PHLDA3 promotes lung adenocarcinoma cell proliferation and invasion via activation of the Wnt signaling pathway
The PHLDA3 gene encodes a small 127 amino acid protein with a pleckstrin homology (PH)-only domain. The expression and significance of PHLDA3 in lung cancer remain unclear. Here, we investigated the role of PHLDA3 in tumor proliferation and invasion in lung adenocarcinoma. Immunohistochemistry and immunoblotting analyses were used to assess PHLDA3 expression in lung cancer tissues, and its correlation with clinicopathological factors in lung cancer. Plasmids encoding PHLDA3 and small interfering RNA against PHLDA3 were used to regulate the expression of PHLDA3 in lung cancer cells. Furthermore, the effects of PHLDA3 on lung cancer cell proliferation and invasion were investigated using the MTS, colony formation, Matrigel invasion, and wound healing assays. Co-immunoprecipitation analysis and inhibitors of both the Wnt signaling pathway and GSK3β were used to explore the regulatory mechanisms underlying the role of PHLDA3 in lung cancer cells. PHLDA3 was found to be overexpressed in lung cancer tissues, and its expression was correlated with poor outcomes in lung adenocarcinoma patients. PHLDA3 expression promoted the proliferation, invasion, and migration of lung cancer cells. Overexpression of PHLDA3 activated the Wnt signaling pathway and facilitated epithelial–mesenchymal transition.
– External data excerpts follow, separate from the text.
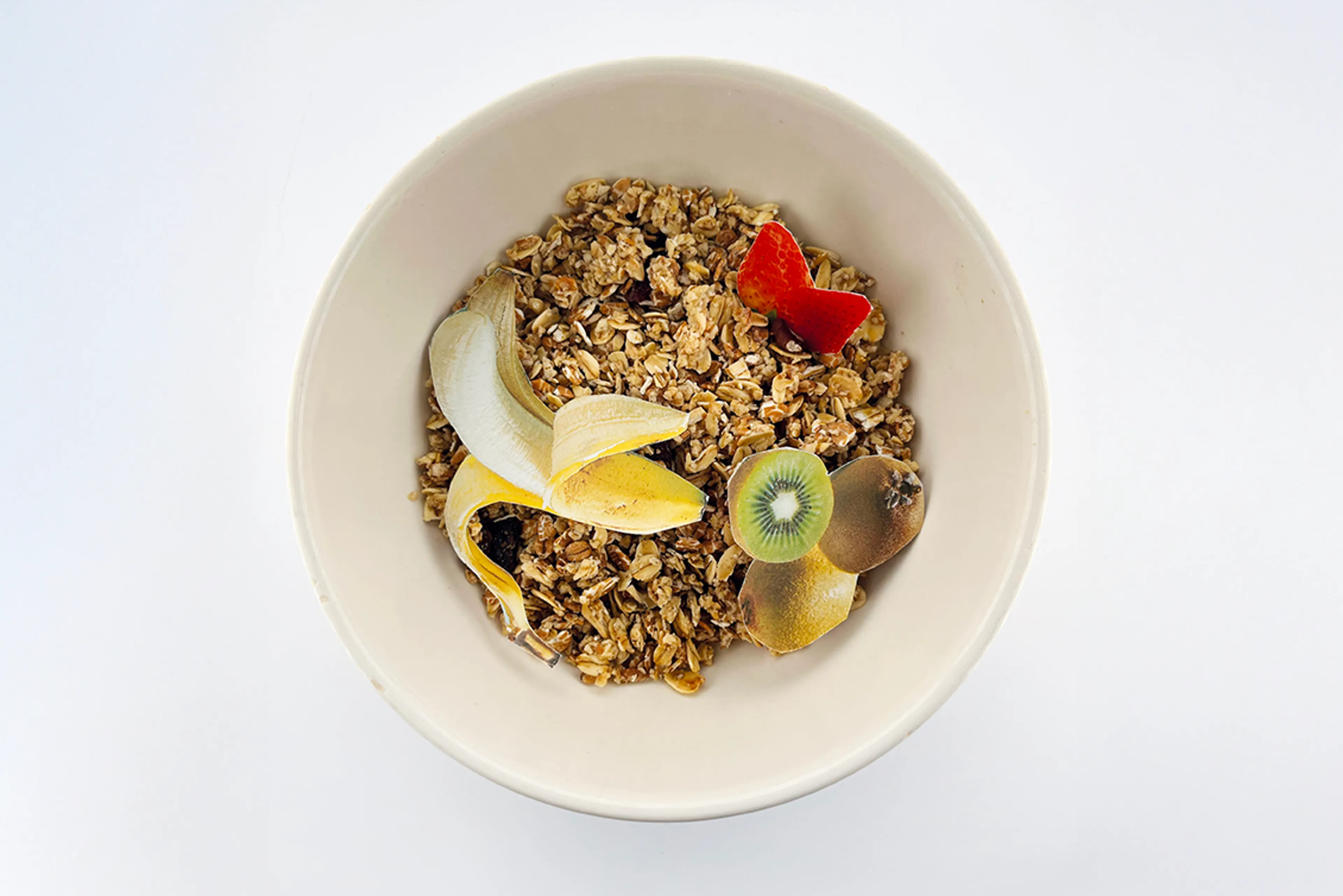 “Graag gedaan”, lacht hij. Maar, legt hij uit, voordat de pecannoten, rozijnen en cranberry’s een huwelijk vormen met de yoghurt en appel in mijn ontbijtkom, hebben ze een wereldreis afgelegd. Bob somt moeiteloos op: “De abrikozen komen uit Turkije, de rozijnen uit Chili, de papaja, ananas en kokos uit Thailand, de cranberry’s uit de VS en de havervlokken… volgens mij uit Duitsland, maar dat zal ik even voor je navragen bij onze leverancier.”
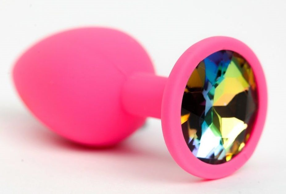 Розовая анальная пробка с радужным стразом - 7,6 см.
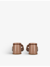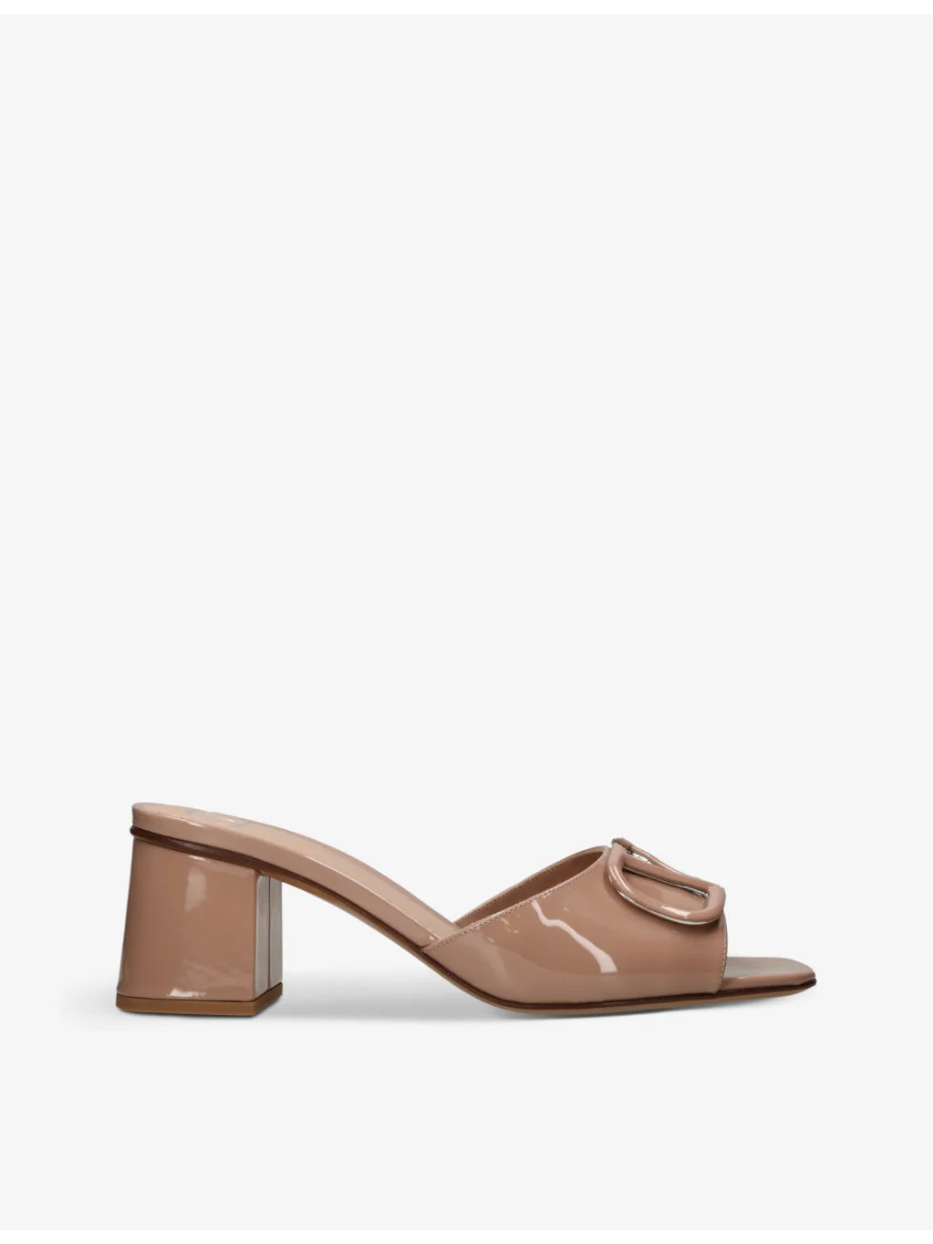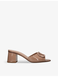 PRODUCT DETAILS - Valentino Garavani leather heeled mules - 100% leather - Slips on - Open toe, patent finish, logo plaque at top strap, block heel - Heel height 2.3"" - Specialist leather clean - Upper: 100% leather - Lining: 100% leather - Sole: 100% leather - Made in Italy Ref: R04161368
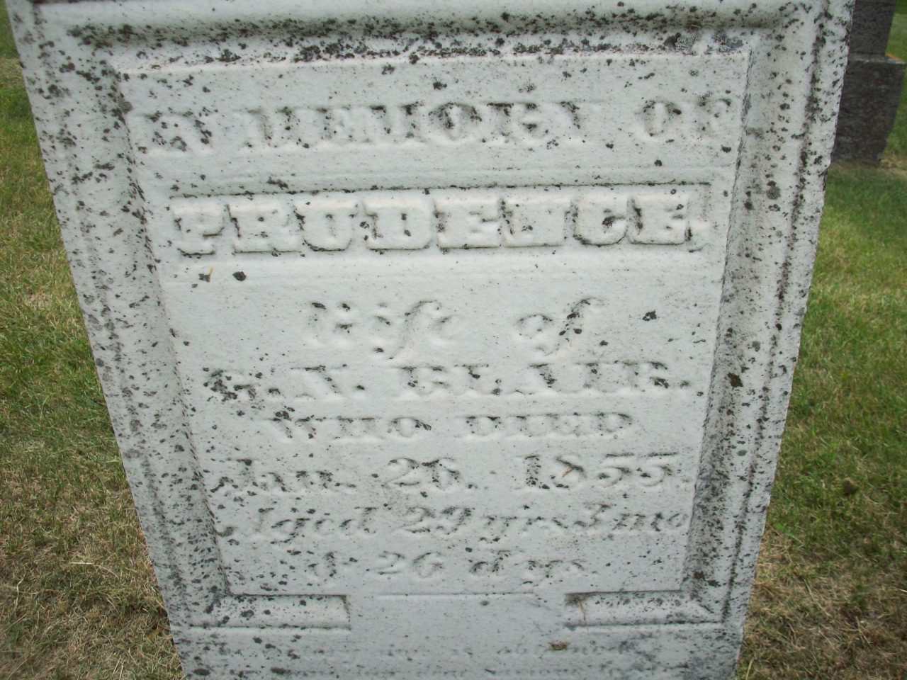 Prudence Wells was born on 30 September 1825 at Upper Canada; Date Sep 30 1825 per Memorial - age 29y 3m 26d at death Jan 26 1855. Date Oct 1 1826 per CemSearch. Date 1825 & location Cda. per 1851 Census.1,2,3 As of circa 1846,her married name was Blair.1 She married George Nelson Blair, son of David Blair Sr. and Anna Stanton, circa 1846 at Percy Twp., Northumberland Co., Canada West; per Walter Blair born Nov 14 1847.1,2 Prudence Wells appeared on the census of 1851 at Percy Twp., Northumberland Co., Canada West; Age 26 at 1851 Census: see George N. Blair.3 She died on 26 January 1855 at Percy Twp., Northumberland Co., Canada West, at age 29; Date Jan 26 1855 per CemSearch.1 She was buried on 28 January 1855 at Stone's Cemetery, Percy Twp., Northumberland Co., Canada West; Memorial: (See Exhibit) In Memory of; Prudence; Wife of; G. N. Blair; Who Died; Jan 26 1855; Aged 29 y'rs, 3 mo; & 26 d'ys (Stone's Cemetery, Percy Twp., July 15 2009, by Dan)
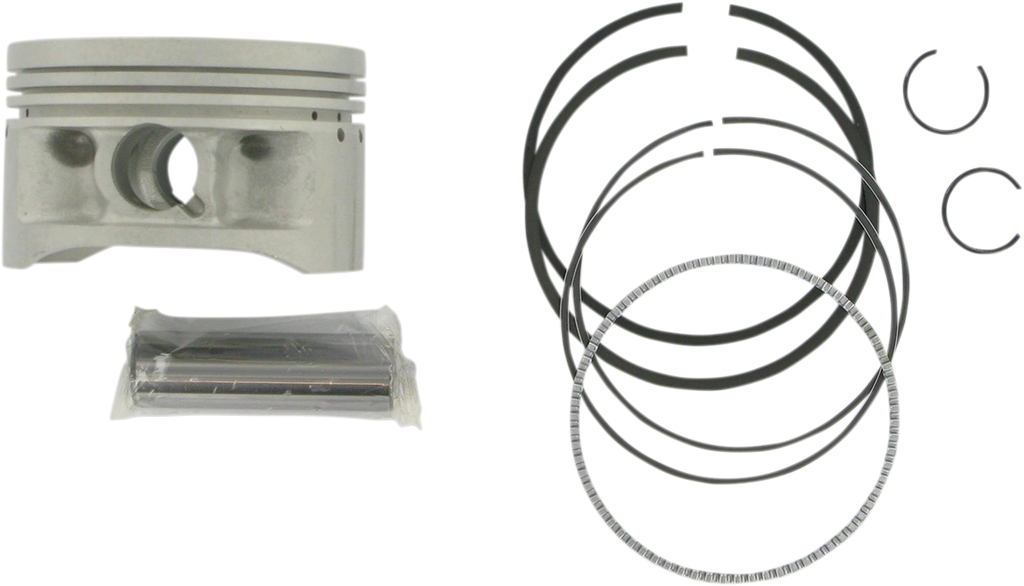 Manufactured in Japan and designed to be OEM replacement, Cast from a high-silicon-content aluminum alloy that meets or exceeds OEM specifications, then CNC-machined to extremely close tolerances, Pistons supplied in a kit package that includes rings, wrist pins and circlips
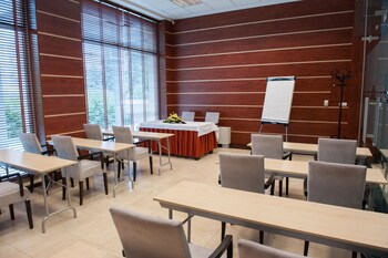 Rather old, big hotel near the centre of Debrecen. Single room: quiet, well-equipped. Free PC in tne business centre room. Dinner (room without windows) and breakfast (well-lit hall) were fine...
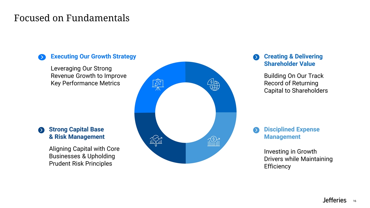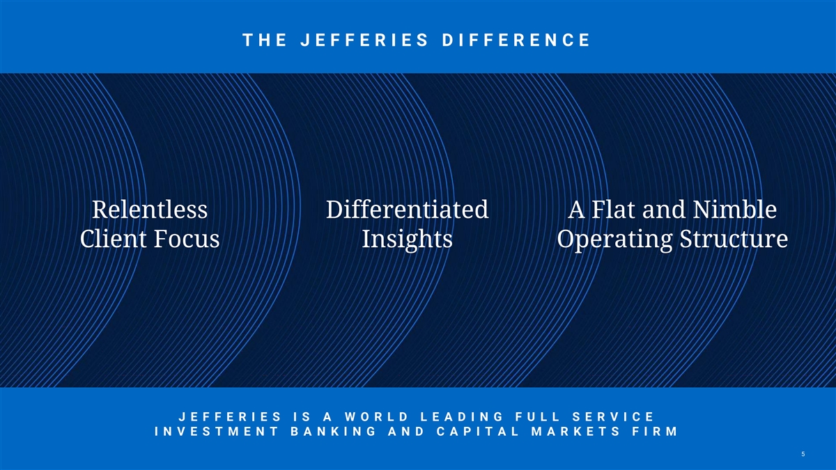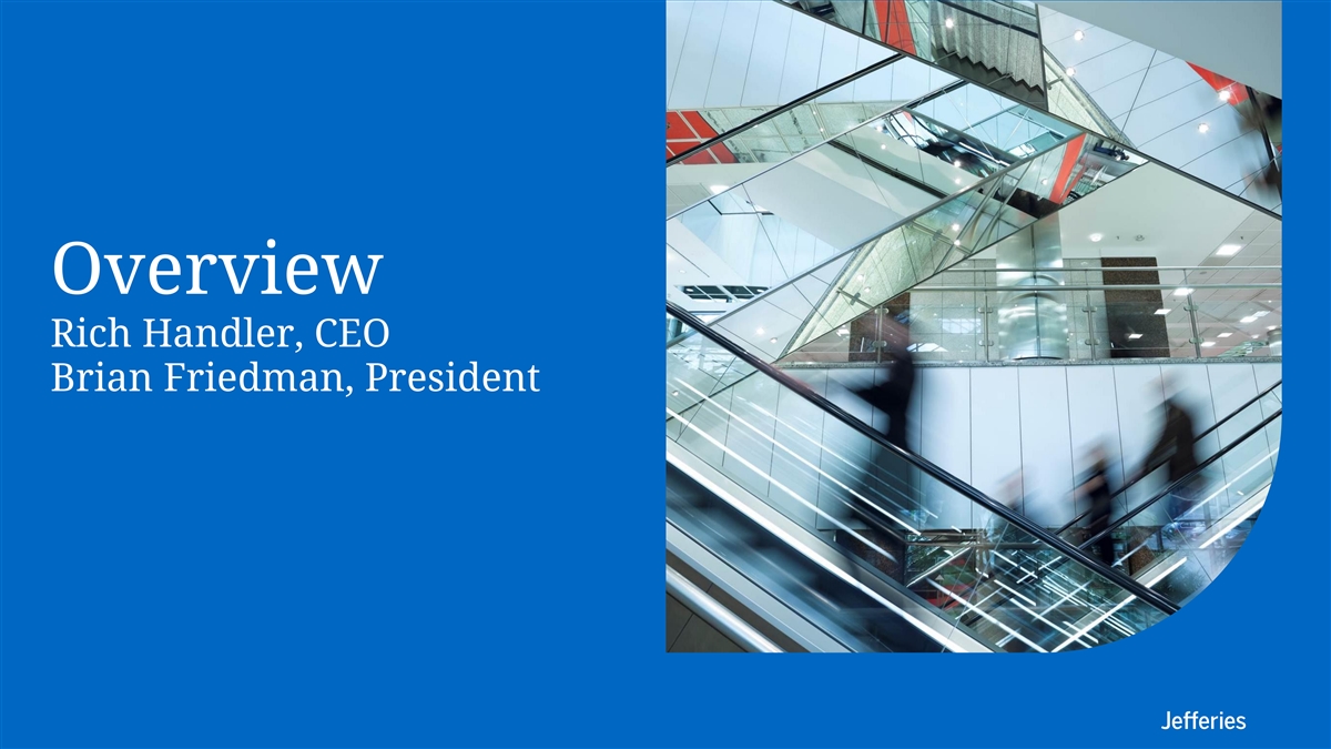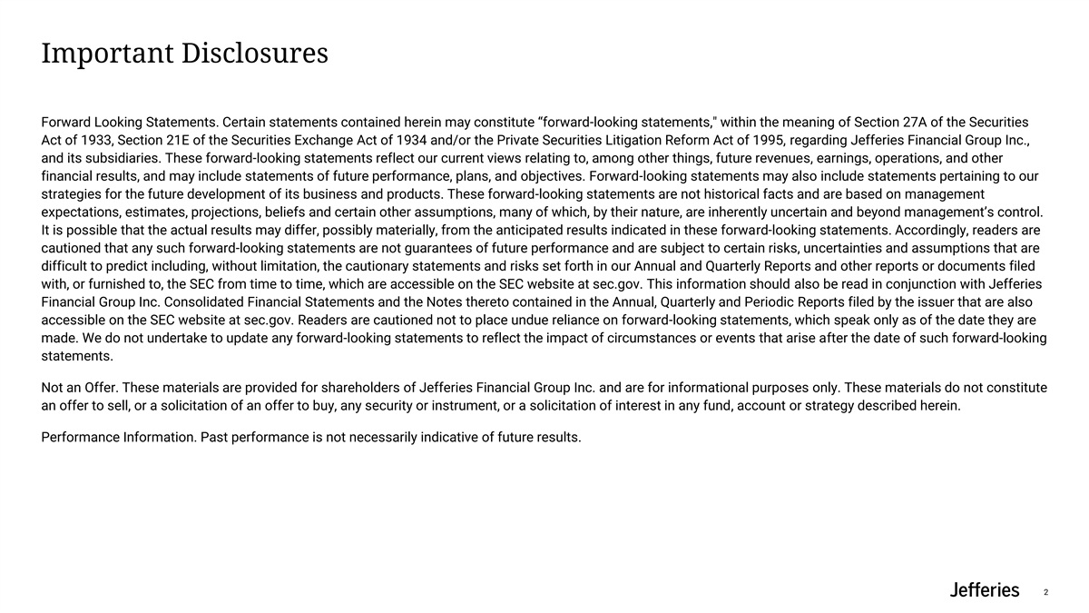 Important Disclosures Forward Looking Statements. Certain statements contained herein may constitute “forward-looking statements, within the meaning of Section 27A of the Securities Act of 1933, Section 21E of the Securities Exchange Act of 1934 and/or the Private Securities Litigation Reform Act of 1995, regarding Jefferies Financial Group Inc., and its subsidiaries. These forward-looking statements reflect our current views relating to, among other things, future revenues, earnings, operations, and other financial results, and may include statements of future performance, plans, and objectives. Forward-looking statements may also include statements pertaining to our strategies for the future development of its business and products. These forward-looking statements are not historical facts and are based on management expectations, estimates, projections, beliefs and certain other assumptions, many of which, by their nature, are inherently uncertain and beyond management’s control. It is possible that the actual results may differ, possibly materially, from the anticipated results indicated in these forward-looking statements. Accordingly, readers are cautioned that any such forward-looking statements are not guarantees of future performance and are subject to certain risks, uncertainties and assumptions that are difficult to predict including, without limitation, the cautionary statements and risks set forth in our Annual and Quarterly Reports and other reports or documents filed with, or furnished to, the SEC from time to time, which are accessible on the SEC website at sec.gov. This information should also be read in conjunction with Jefferies Financial Group Inc. Consolidated Financial Statements and the Notes thereto contained in the Annual, Quarterly and Periodic Reports filed by the issuer that are also accessible on the SEC website at sec.gov. Readers are cautioned not to place undue reliance on forward-looking statements, which speak only as of the date they are made. We do not undertake to update any forward-looking statements to reflect the impact of circumstances or events that arise after the date of such forward-looking statements. Not an Offer. These materials are provided for shareholders of Jefferies Financial Group Inc. and are for informational purposes only. These materials do not constitute an offer to sell, or a solicitation of an offer to buy, any security or instrument, or a solicitation of interest in any fund, account or strategy described herein. Performance Information. Past performance is not necessarily indicative of future results. 2
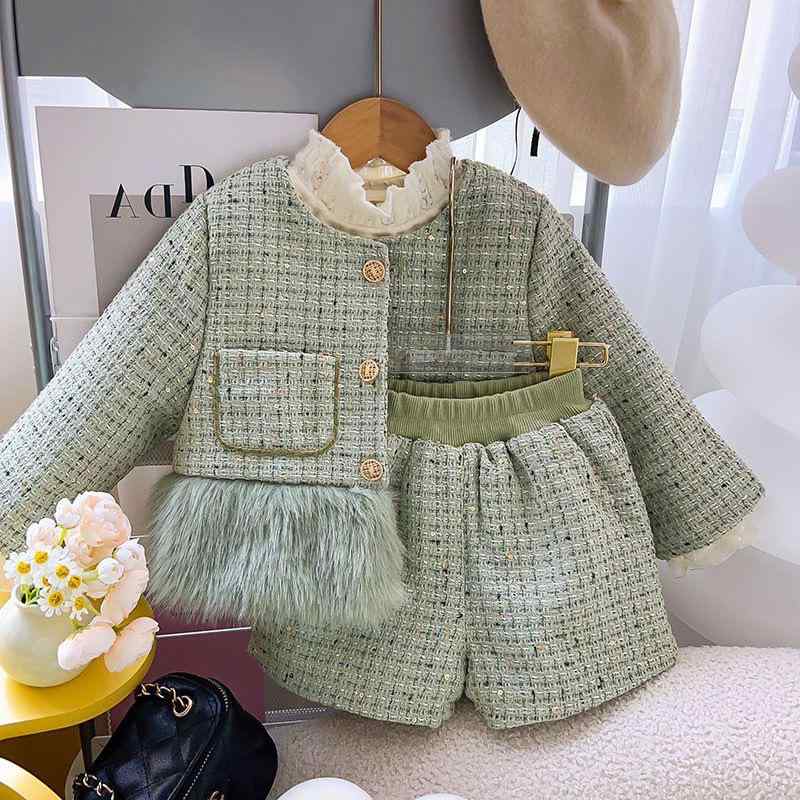 セットアップ キッズ 女の子 ジュニア 韓国風 上品 クラシック ツイード ジャケット 中綿入り 厚・・・
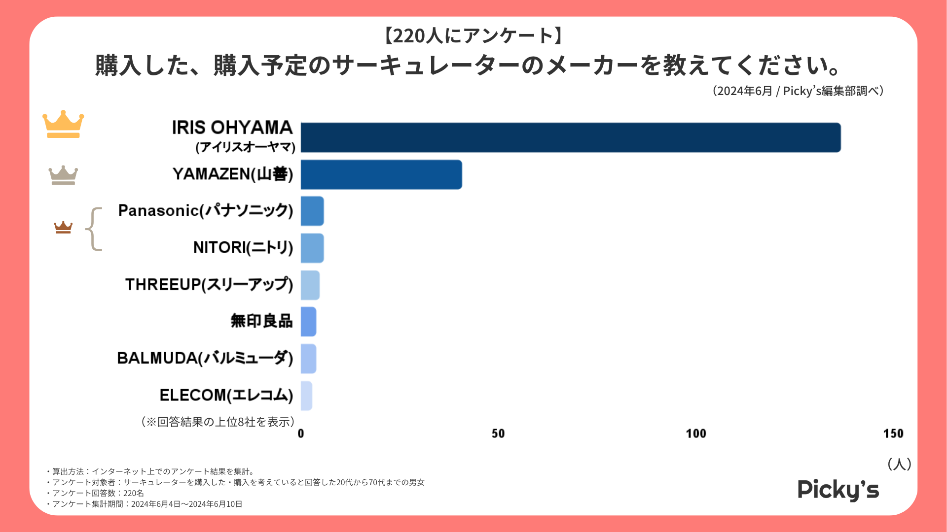 「Picky’s」は、インターネットショッピングにおいて、購入前に試せない・選ぶべきものがわからないという課題の解決を目標に、あらゆる商品のおすすめランキングや検証レビューを紹介するサイトです。このたびPicky’s(https://rentry.jp/note/)では、夏需要に先駆けて、サーキュレーターについてインターネット上でアンケート調査を行いましたので発表いたします。
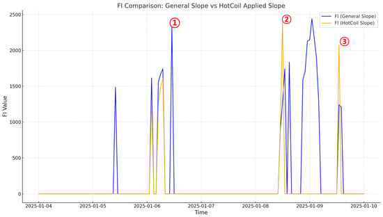 With (trigger), (surface °C), , , , > 1000 flags high icing potential [,]. FI is used as a probabilistic early-warning metric: higher FI means a higher likelihood of icing in the next hour and motivates proactive RHS activation (see the threshold classification, Table 3). Differences between the predictive FI and the evaluative CI are summarized for quick reference (Table 2).
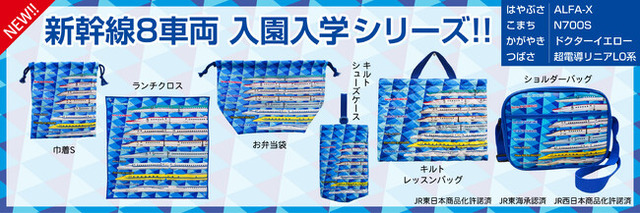 JR東日本、JR東海、JR西日本の人気の新幹線が8車両そろったデザイン(N700S・923形ドクターイエロー・E5系はやぶさ・E6系こまち・E7系かがやき・E8系つばさ・ALFA-X・超電導リニアL0系)が巾着S、ランチクロス、巾着お弁当袋、キルトシューズケース、キルトレッスンバッグ、
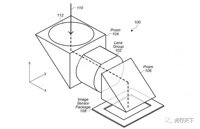 在美國(guó)專利和商標(biāo)局周二授予一項(xiàng)名為"帶有移動(dòng)光學(xué)元件致動(dòng)器的折疊式相機(jī)"專利中,蘋果公司提出了一些在設(shè)備中包含折疊式光學(xué)元件和鏡頭移動(dòng)的方法。在各種實(shí)施方案中,蘋果建議該系統(tǒng)可以由兩個(gè)棱鏡組成,在這對(duì)棱鏡之間有一個(gè)由多個(gè)元素組成的鏡頭組。棱鏡將光線沿軸線引向成像傳感器,而鏡頭組則處理各種光學(xué)功能。
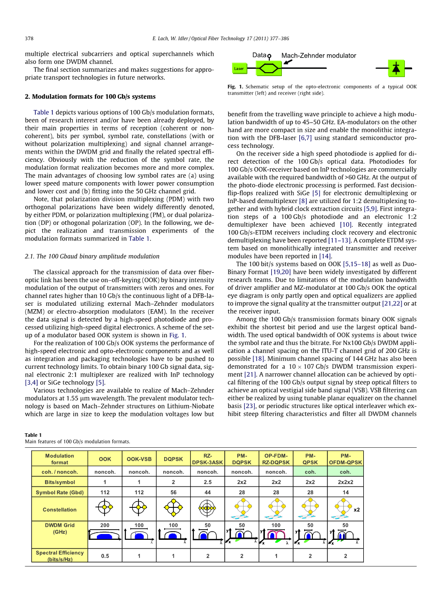 不同的研究小组研究了,基于OOK [5,15–18]与Duo-Binary格式的100 bit/s系统。由于驱动放大器与MZ调制器在100Gb/s OOK系统中调制带宽的局限,光眼图只能部分张开,需要使用光均衡器提高发射机输出信号的质量[21,22],或接收机的输入质量。

Inhibition of Wnt signaling pathway activity, using XAV-939, reversed the effects of PHLDA3 overexpression in lung cancer cells; moreover, PHLDA3 could bind to GSK3β. Inhibition of GSK3β activity, using CHIR-99021, restored the proliferative and invasive abilities of PHLDA3 knockdown cells. Our findings demonstrate that PHLDA3 is highly expressed in lung adenocarcinomas and is correlated with poor outcomes. Furthermore, it promotes the proliferation and invasion of lung cancer cells by activating the Wnt signaling pathway. This paper demonstrates that PHLDA3 is highly expressed in lung adenocarcinomas and correlates with poor outcome. PHLDA3, in conjunction with GSK3β, promotes the proliferation and invasion of lung cancer cells by activating the Wnt signaling pathway, and facilitates epithelial–mesenchymal transition.